There are 8 comments at the moment, we would love to hear your opinion too.

  1. Oh dear, poor old Yorkshire BS members..

  2. What a shame that the organisation didn’t manage its communications process properly and have the courtesy to let its staff know before the 1st customer walked into a branch and demanded to know how the merger would affect them!

  3. What acts were introduced to increase competition within the banks/building society regime???

    All that seems to have happened over last 15 years is the opposite- I blame the FSA

  4. I used to work for the Chelsea Building Society many years ago through one of its partners Norwich Union and am not surprised to see that it has fallen into trouble. Managers and staff aggressively targeted on amount of mortgage lending, like so many other big organisations that have fallen into troubles recently. Should they be allowed to merge no as this will dilute further choice on in the market place. This did happen with the FSA in place but it is now time that the FSA to cracks down on reckless lending in the future for if not we will be doomed to repeat this for future generations.
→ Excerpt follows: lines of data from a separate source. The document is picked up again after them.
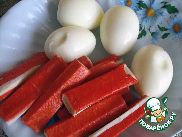 Отвариваем яйца, чистим. Крабовые палочки размораживаем, распаковываем.
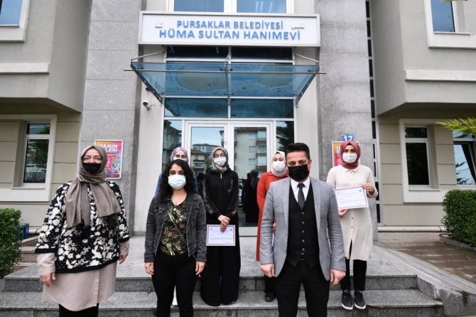 Hanımların mesleki gelişimine katkı sağlamak amacıyla Pursaklar Belediyesi Hanım Evlerindeki kurslara katılan kursiyerler, pandemi sürecinde aldıkları telafi eğitimleriyle dönemlerini başarıyla tamamladı.
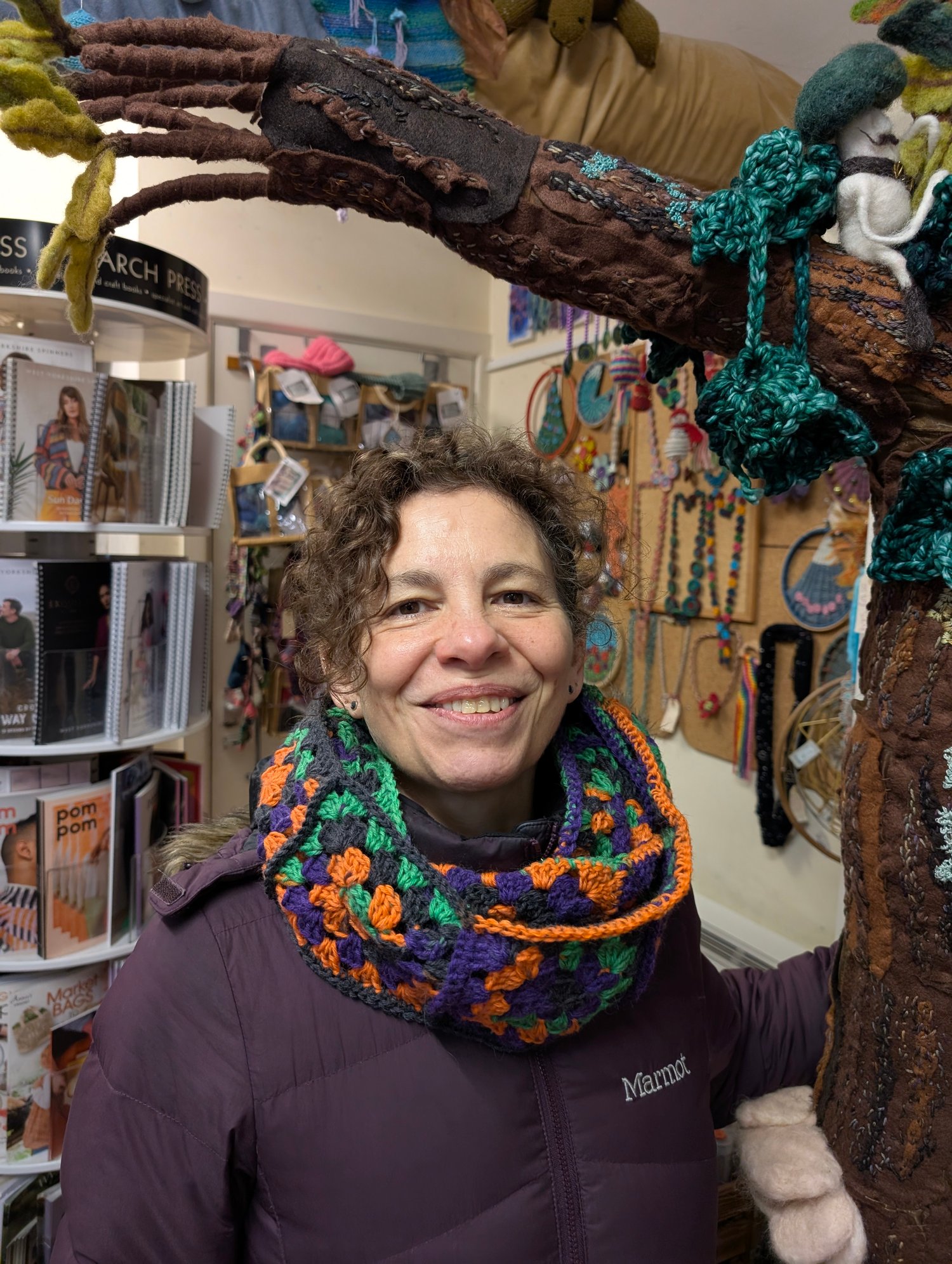 This is an untested pattern for a crochet cowl, using a granny square pattern I normally use in workshops. It's very quick to make, and takes about 225m of DK yarn.

When you have bank staff but more interested in their bonus then the suitability of a mortgage for the client and am sorry to say that the system is wrong it is also true of some of the people in our industry the workers mortgage brokers. I read with interest in the nationwide are trying very hard to push up the market with this constant commentary each month on house prices. This is so so so wrong!! I’m afraid of Chelsea cannot make it on its own then it should be allowed to go bust but I do not feel that they should be allowed to merge with another Building Society reducing competition even further.

    I am of course very sorry for the staff.

  5. Does anyone know what wopuld be the likely outcome for the Yorkshire BS carpetbaggers that invested in the 90’s into this mutual, as the Chealsea is not a PLC…

  6. i am sorry for the good staff that work at the chelsea, but not so for the greedy staff and over paid management that are only interested in a bonus, they are not fit to hold a job in finance and should be sacked, the good staff could do a better job if it was left to them ,and as for the FSA, one word for them is USELESS, and no sign of the NATIONWIDE yet, not in line for a free building society, they have taken over at least 6 building society,s in the less than 5 years, so wake up chelsea and stop losing savers their money.

  7. I invested a big chunk in an ISA in 2007 at Yorkshire. I expect i don’t get any nice carpetbagging gifts from this do I?…. at least that would soften the blow of yet more monopolisation…

  8. the proposed merger of yorkshire is so loaded for yorkshire that it is a takeover in disguise as a merger. chelsea members should say no unless there is a windfall.